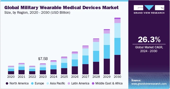 The global military wearable medical devices market size was estimated at USD 7.45 billion in 2023 and is projected to reach USD 38.77 billion by 2030, growing at a CAGR of 26.3% from 2024 to 2030. A key factor driving this market is the increasing investment in research and development of advanced military technologies focused on soldier safety and health monitoring.
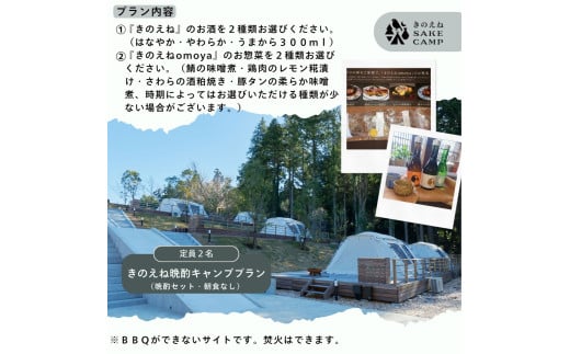 - きのえねSAKE CAMP 晩酌プラン(一泊二日 定員2名)千葉県 酒々井町 キャンプ キャンプ場 グランピング
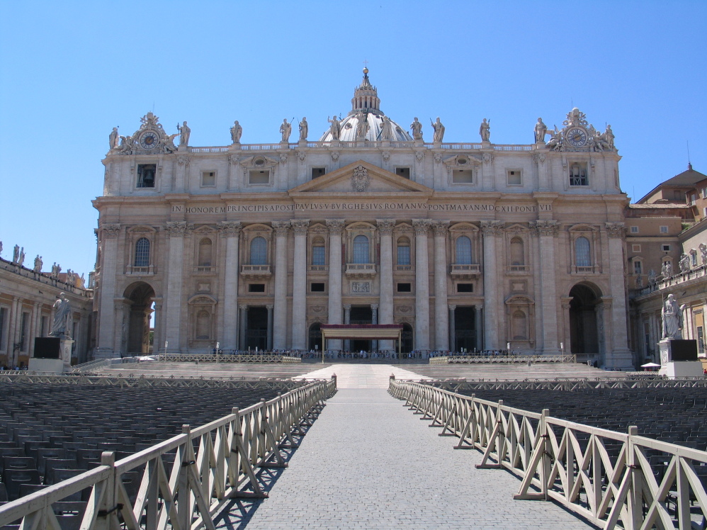 從羅馬的圣天使古堡進(jìn)入梵蒂岡圣彼得廣場(chǎng),首先映人眼簾的建筑就是位于廣場(chǎng)西面的圣彼得大教堂。這是世界上最大的教堂。在教徒心中那就是上帝居住的房子。
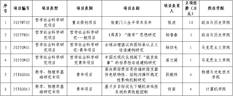 近日,陕西省教育厅印发了《关于下达2025年度“哲学社会科学研究项目”的通知》(陕教函〔2026〕80号)和《关于下达第三批数学、物理学基础研究专项项目的通知》(陕教函〔2026〕79 号),beat365官网共获批6项专项科研项目,共资助经费23万元。(科研管理处 文/党建华、张蕴 审核/胡登卫)
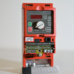 SEW EURODRIVE MC07A004-2B1-4-00 AC drive, discontinued by manufacturer. Part of the MOVITRAC 07 series, this inverter delivers 0.37 kW (0.55 HP) for single-phase systems. Operates on 200–240 VAC supply at 50/60 Hz, with suppression class C1. Features 4Q operation and integrated brake chopper for precise motor control. Lid missing
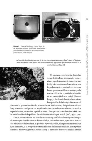 El amateur experimenta, descubre y crea desligado de necesidades comerciales o profesionales. A estos primero fotógrafos amateurs se les confiere una inquebrantable — romántica — pureza a la vez que un manifiesto desdén por la comercialización o profesionalización de su pasión (Kolturn, 1984). Sin embargo, a finales de la década de 1860, la expansión de la fotografía comercial fomenta la generalización del amateurismo. Aficionados, fotógrafos ocasionales y amateurs configuran un amplio colectivo para el que se ofrecen comercios especializados, manuales y publicaciones. Este proceso culminará en 1888 con la introducción de la película de celulosa fabricada por Kodak (Taft, 1938: 402). Desde ese momento, los términos amateur y profesional configurarán espacios conceptuales claramente diferenciados, con atribuciones específicas asociadas a la calidad de las obras, el grado de especialización, a los procesos formativos y, en definitiva, a la progresiva estandarización de los roles sociales. Las rupturas formales de las vanguardias por un lado y la aparición de nuevas especialidades
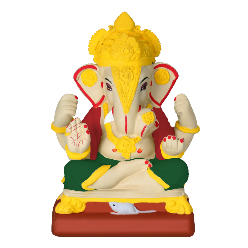 Made from 100% natural Shadu Mati (clay) and coloured with safe, water-based colours, our idols dissolve naturally in water within 45 minutes to 4 hours, making them safe for marine life and the environment.
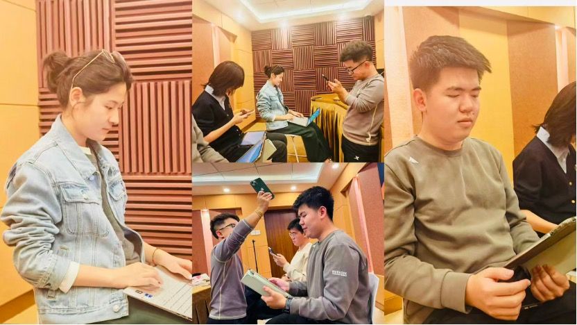 在多语种非遗创新领域,足球比分 本科生党支部深度参与了国内首部“红楼”主题多语种皮影戏《红楼梦·宝黛共读西厢》法语版的创译与配音工作。面对古典文学意象转换的挑战,学生在专业教师指导下反复推敲,精准把握台词情感与表演节奏,成功完成全剧配音,为传统非遗艺术的国际化表达开辟了新途径,作品于2025年11月在海淀区大有书馆成功首演。

————————

▸ **EXERCISE GOAL**
Leaving out the images, return the entries above exactly as they read.

▸ **ANSWER FOR THIS EXERCISE**
 The global military wearable medical devices market size was estimated at USD 7.45 billion in 2023 and is projected to reach USD 38.77 billion by 2030, growing at a CAGR of 26.3% from 2024 to 2030. A key factor driving this market is the increasing investment in research and development of advanced military technologies focused on soldier safety and health monitoring.
 - きのえねSAKE CAMP 晩酌プラン(一泊二日 定員2名)千葉県 酒々井町 キャンプ キャンプ場 グランピング
 從羅馬的圣天使古堡進(jìn)入梵蒂岡圣彼得廣場(chǎng),首先映人眼簾的建筑就是位于廣場(chǎng)西面的圣彼得大教堂。這是世界上最大的教堂。在教徒心中那就是上帝居住的房子。
 近日,陕西省教育厅印发了《关于下达2025年度“哲学社会科学研究项目”的通知》(陕教函〔2026〕80号)和《关于下达第三批数学、物理学基础研究专项项目的通知》(陕教函〔2026〕79 号),beat365官网共获批6项专项科研项目,共资助经费23万元。(科研管理处 文/党建华、张蕴 审核/胡登卫)
 SEW EURODRIVE MC07A004-2B1-4-00 AC drive, discontinued by manufacturer. Part of the MOVITRAC 07 series, this inverter delivers 0.37 kW (0.55 HP) for single-phase systems. Operates on 200–240 VAC supply at 50/60 Hz, with suppression class C1. Features 4Q operation and integrated brake chopper for precise motor control. Lid missing
 El amateur experimenta, descubre y crea desligado de necesidades comerciales o profesionales. A estos primero fotógrafos amateurs se les confiere una inquebrantable — romántica — pureza a la vez que un manifiesto desdén por la comercialización o profesionalización de su pasión (Kolturn, 1984). Sin embargo, a finales de la década de 1860, la expansión de la fotografía comercial fomenta la generalización del amateurismo. Aficionados, fotógrafos ocasionales y amateurs configuran un amplio colectivo para el que se ofrecen comercios especializados, manuales y publicaciones. Este proceso culminará en 1888 con la introducción de la película de celulosa fabricada por Kodak (Taft, 1938: 402). Desde ese momento, los términos amateur y profesional configurarán espacios conceptuales claramente diferenciados, con atribuciones específicas asociadas a la calidad de las obras, el grado de especialización, a los procesos formativos y, en definitiva, a la progresiva estandarización de los roles sociales. Las rupturas formales de las vanguardias por un lado y la aparición de nuevas especialidades
 Made from 100% natural Shadu Mati (clay) and coloured with safe, water-based colours, our idols dissolve naturally in water within 45 minutes to 4 hours, making them safe for marine life and the environment.
 在多语种非遗创新领域,足球比分 本科生党支部深度参与了国内首部“红楼”主题多语种皮影戏《红楼梦·宝黛共读西厢》法语版的创译与配音工作。面对古典文学意象转换的挑战,学生在专业教师指导下反复推敲,精准把握台词情感与表演节奏,成功完成全剧配音,为传统非遗艺术的国际化表达开辟了新途径,作品于2025年11月在海淀区大有书馆成功首演。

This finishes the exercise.